With runs lasting under 50 seconds and a rapid-fire elimination format, the competition goes fast.

There is next-to-no time between races with Olympic organizers ratcheting up the tension with an ever-speeding heartbeat playing on the PA system before each start. Music blared as the riders raced down the hill, slicing around gates at an impossible angle like a MotoGP racer on a board.

During the qualifiers, each competitor rides down the two tracks (blue and red) once. Their times are combined and the 16 best advance to the elimination rounds where the riders go head to head with the top-ranked competitor facing the 16th and so on.

The discipline is competing for its life at these Olympics, given it is under review by the International Olympic Committee ahead of the 2030 games in France.

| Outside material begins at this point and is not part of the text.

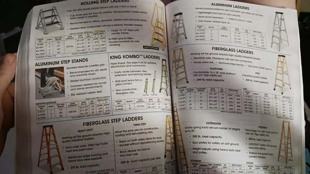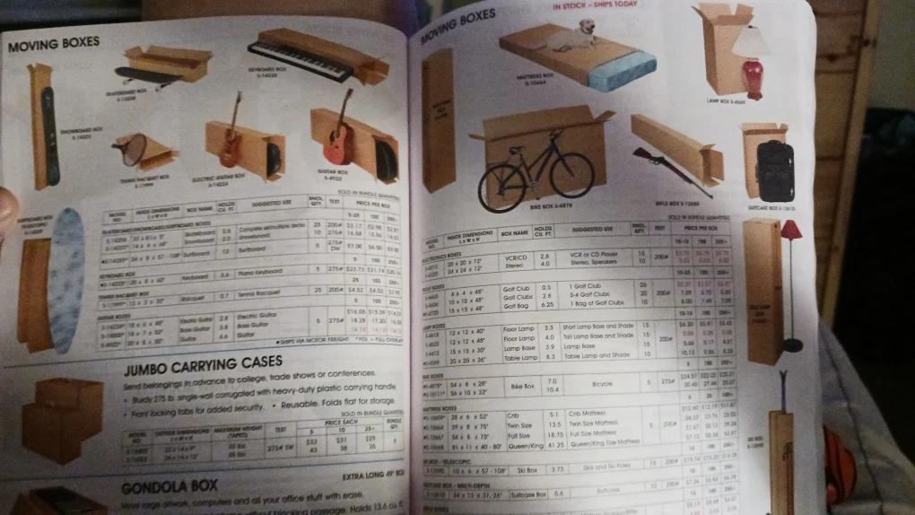 This catalog has everything from envelopes and tape, to ladders and scaffolding. You can order workboots and tools! You can get cleaning supplies and the equipment used! As well as boxes of all shapes and sizes for every job from storage and filing for moving things like lamps and T.V's, and everything else!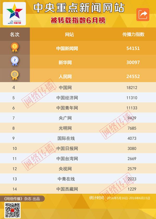 中央新闻网站2016年6月被转载传播力榜显示,中国新闻网、新华网、人民网占据前三甲;中国网、环球网、中国经济网、中国青年网、央广网、光明网、参考消息网分别位列第4至10名;前10强网站中,中央重点新闻网站占8席,全国行业新闻网站有2家。

Snowboarders have responded with a social media campaign with the hashtag #keepPGSolympic.

It has been part of the Olympic program since 1998 when snowboarding was first added. Canadian Jasey-Jay Anderson won PGS gold in Vancouver in 2010. 

Gaudet, who works as a lumberjack and on a maple farm in the summer in Quebec, put aside his emotions to make a passionate defence of the sport.

“This is where snowboarding started,” he said. “It started with ski boots and carving. They should keep PGS, they should add parallel slalom … I don’t see why you would get rid of events, of sports. Because that would pretty much kill the sport. Because everything is based around the Olympics.

“They would never think of removing giant slalom in skiing,” he added. “So I don’t see why people would even think of removing it in snowboarding.”

PGS is arguably the least physically demanding snowboard discipline, however, and the Olympic field was filled with veteran riders including 52-year-old Austrian Claudia Riegler, a six-time Olympian who made her debut at the 2022 games.

Ledecka ousted Riegler in the first round of elimination races, the 1/8 final. Kim, meanwhile, dispatched 45-year-old Italian Roland Fischnaller a seven-time Olympian, in the quarterfinals.

Gaudet arrived in good form, having finished second in Bansko, Bulgaria, for his first career PGS World Cup podium. He also competes in the parallel slalom and team parallel slalom, which are not on the Olympic program.

“I know I’m one of the top guys and I can fight for podiums every race,” he said.

Canadians Aurelie Moisan and Kaylie Buck were eliminated in the 1/8 finals.

Moisan, 21-year-old from Baie-D’Urfe, lost to Poland’s Aleksandra Krtol-Walas, a bronze medallist at the 2025 world championships, while Buck, a 25-year-old from Oakville, Ont., was beaten by former world champion Tsubaki Miki of Japan.

Toronto’s Ben Heldman, a 24-year-old from Toronto, did not advance to the knockout rounds, finishing 26th in the elimination round.